__BRIEF__
Please repeat exactly the lines from the one containing "Un elegante set" through the last line of the records, both included, and nothing else, leaving out any pictures.

__GIVEN ENTRIES__

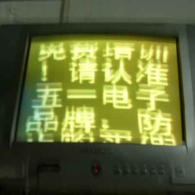 这是用好一点的电视机显示出来的近景图,大家可以看到字体笔画的边缘过渡地方的方块或者锯齿!本问题是没有办法解决的,毕竟本产品属于一个低价位的创意性的娱乐好玩的产品。
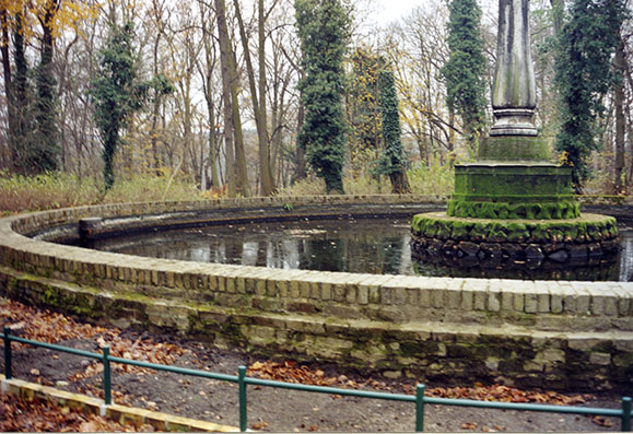 Aus Backstein gemauertes Rundreservoir mit einem modernen, grünlackierten aufgeständerten Eisenzaun. Auf einem polygonalen Sockel (Piedestal) im Zentrum mit drei Schichten von Steinen mit einer gotisierenden Gestaltung steht eine zweiteilige „Säulenschale“ aus Eisen
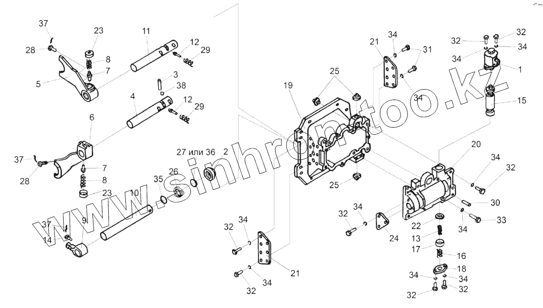 Каталог запасных частей к технике: Гомсельмаш KЗС-812. Механизм переключения диапазонов 3518020-46160
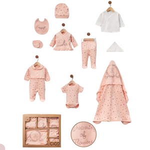Un elegante set nascita per neonata, perfetto per accogliere la tua piccola con dolcezza e comfort. Realizzato in cotone morbido e traspirante, questo set include body, tutina, maglietta incrociata, pantaloni con piedini, cappellino, bavaglino, guantini, una copertina con cappuccio ricamato e una pratica scatola regalo. Il delicato motivo floreale e il ricamo "Dreaming of Flowers" aggiungono un tocco romantico e raffinato. Ideale come regalo nascita o per comporre il primo corredino con stile e qualità.
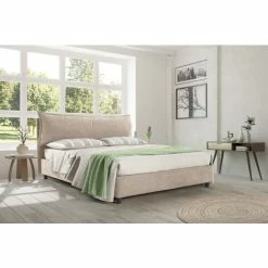EVERGREENWEB – Letto King Size Super Misura Rete 180×210 Con Moderno Box Contenitore E Rete A Doghe In Legno Elegante Testiera Tessuto Imbottito SFODERABILE Ideale Per Camera Da Letto Color Tortora

__ANSWER TO THE PROBLEM__
Un elegante set nascita per neonata, perfetto per accogliere la tua piccola con dolcezza e comfort. Realizzato in cotone morbido e traspirante, questo set include body, tutina, maglietta incrociata, pantaloni con piedini, cappellino, bavaglino, guantini, una copertina con cappuccio ricamato e una pratica scatola regalo. Il delicato motivo floreale e il ricamo "Dreaming of Flowers" aggiungono un tocco romantico e raffinato. Ideale come regalo nascita o per comporre il primo corredino con stile e qualità.
EVERGREENWEB – Letto King Size Super Misura Rete 180×210 Con Moderno Box Contenitore E Rete A Doghe In Legno Elegante Testiera Tessuto Imbottito SFODERABILE Ideale Per Camera Da Letto Color Tortora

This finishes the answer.